= Beginning of Section =

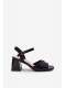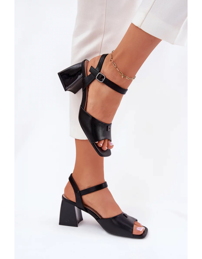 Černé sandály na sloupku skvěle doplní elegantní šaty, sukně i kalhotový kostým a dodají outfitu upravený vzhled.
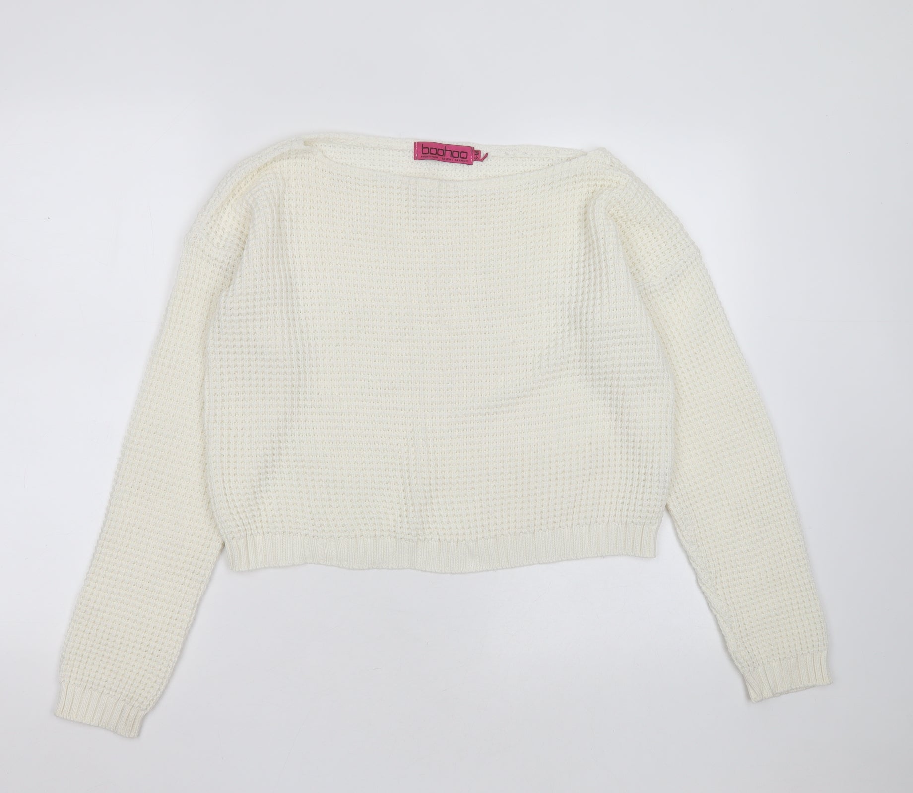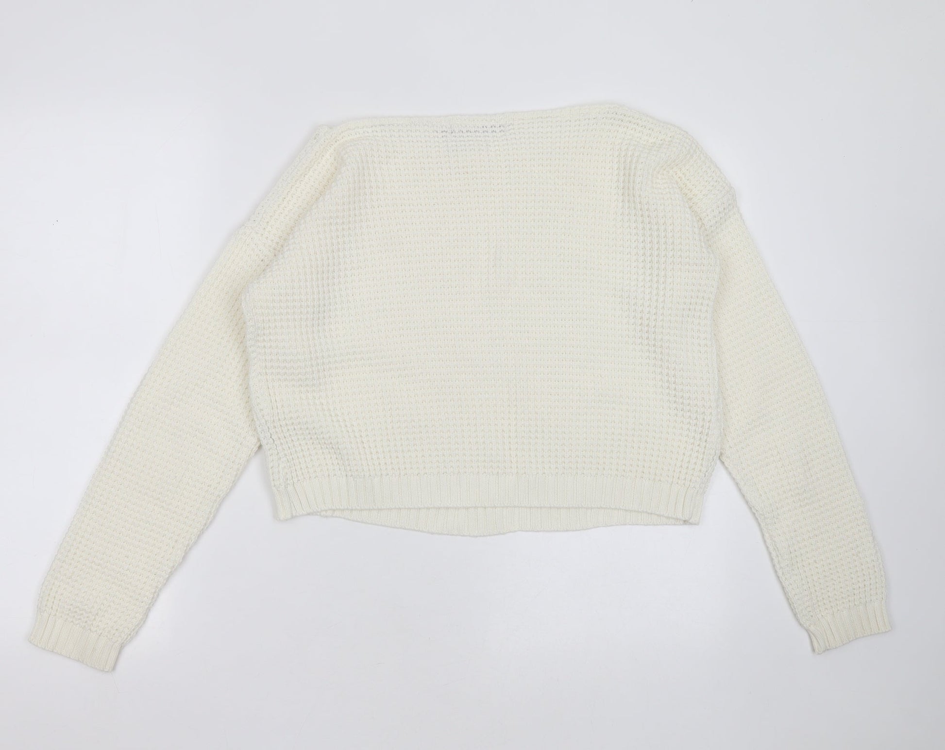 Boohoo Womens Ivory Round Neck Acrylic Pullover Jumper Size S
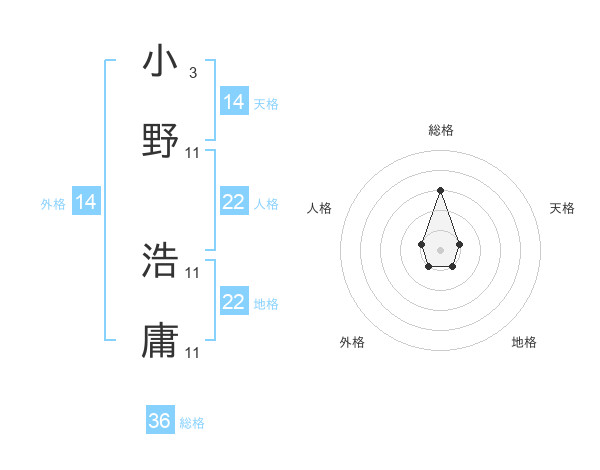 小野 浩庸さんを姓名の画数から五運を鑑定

= End of Section =
= Beginning of Section =

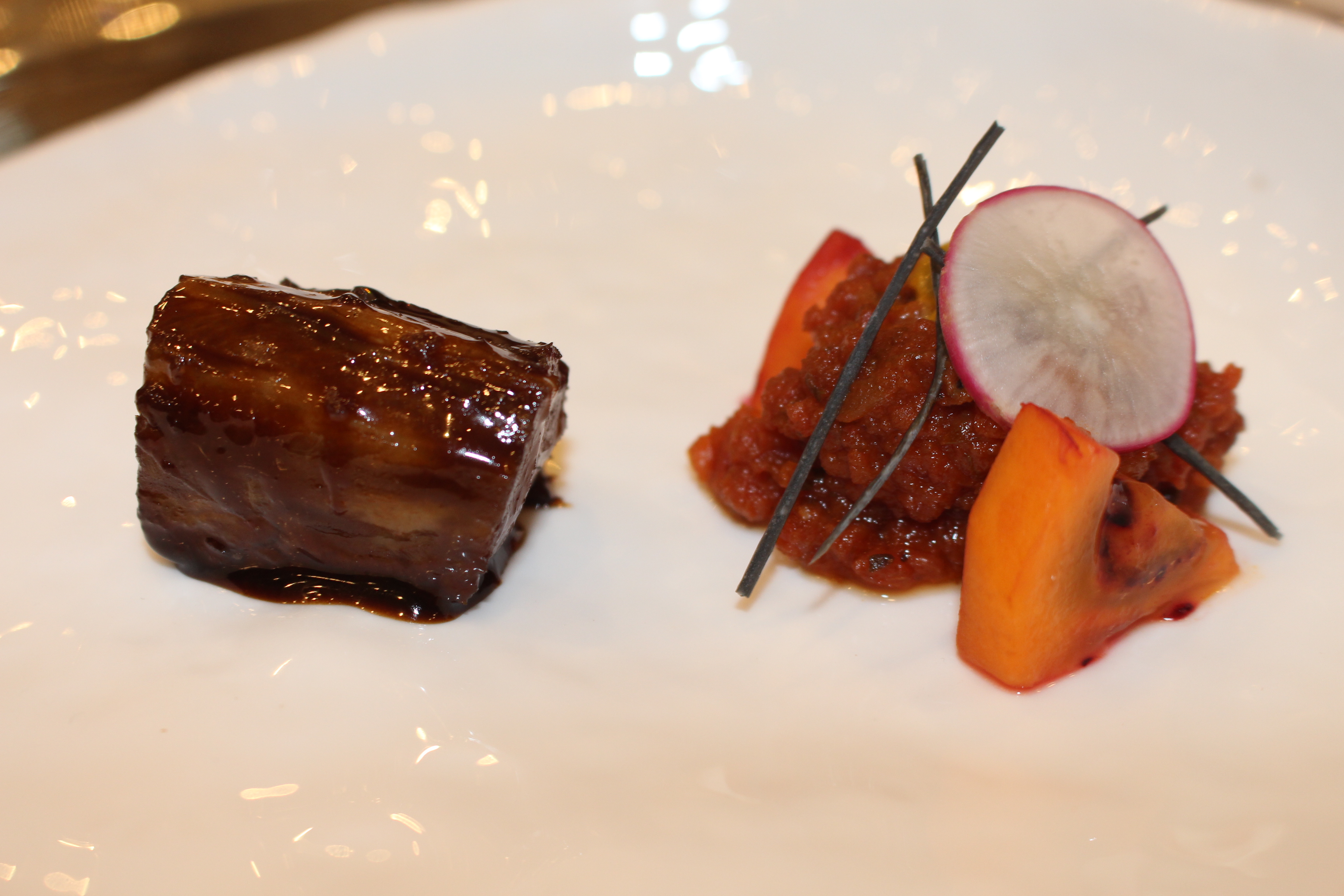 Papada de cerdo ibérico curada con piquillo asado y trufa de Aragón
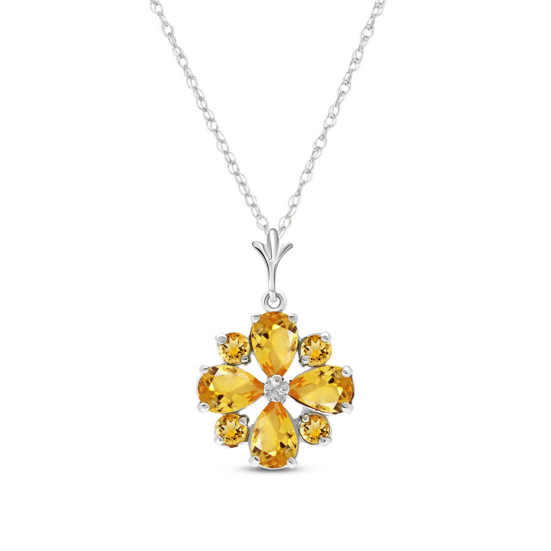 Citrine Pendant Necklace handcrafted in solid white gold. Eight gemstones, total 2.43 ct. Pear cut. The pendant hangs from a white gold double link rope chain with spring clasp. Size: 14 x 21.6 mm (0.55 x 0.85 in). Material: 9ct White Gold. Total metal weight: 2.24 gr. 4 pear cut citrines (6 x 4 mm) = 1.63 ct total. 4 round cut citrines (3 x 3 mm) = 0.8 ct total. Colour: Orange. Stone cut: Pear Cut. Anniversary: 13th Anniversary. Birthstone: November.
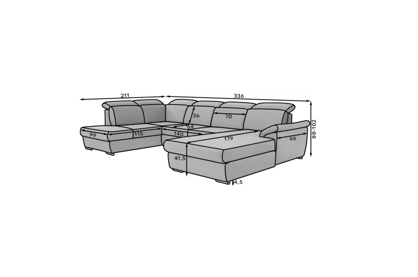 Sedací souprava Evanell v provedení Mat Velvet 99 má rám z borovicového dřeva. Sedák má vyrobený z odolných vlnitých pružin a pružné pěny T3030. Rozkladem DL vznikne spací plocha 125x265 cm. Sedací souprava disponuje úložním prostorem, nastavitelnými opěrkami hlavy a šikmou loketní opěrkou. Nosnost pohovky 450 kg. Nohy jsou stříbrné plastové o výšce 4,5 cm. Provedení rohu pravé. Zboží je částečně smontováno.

= End of Section =

GOAL OF THE EXERCISE:
In the records above, find the line with "Černé sandály na" and the line with "小野 浩庸さんを姓名の画数から五運を鑑定". Write out exactly those lines and every one between, with no pictures and no other lines.

REPLY:
 Černé sandály na sloupku skvěle doplní elegantní šaty, sukně i kalhotový kostým a dodají outfitu upravený vzhled.
 Boohoo Womens Ivory Round Neck Acrylic Pullover Jumper Size S
 小野 浩庸さんを姓名の画数から五運を鑑定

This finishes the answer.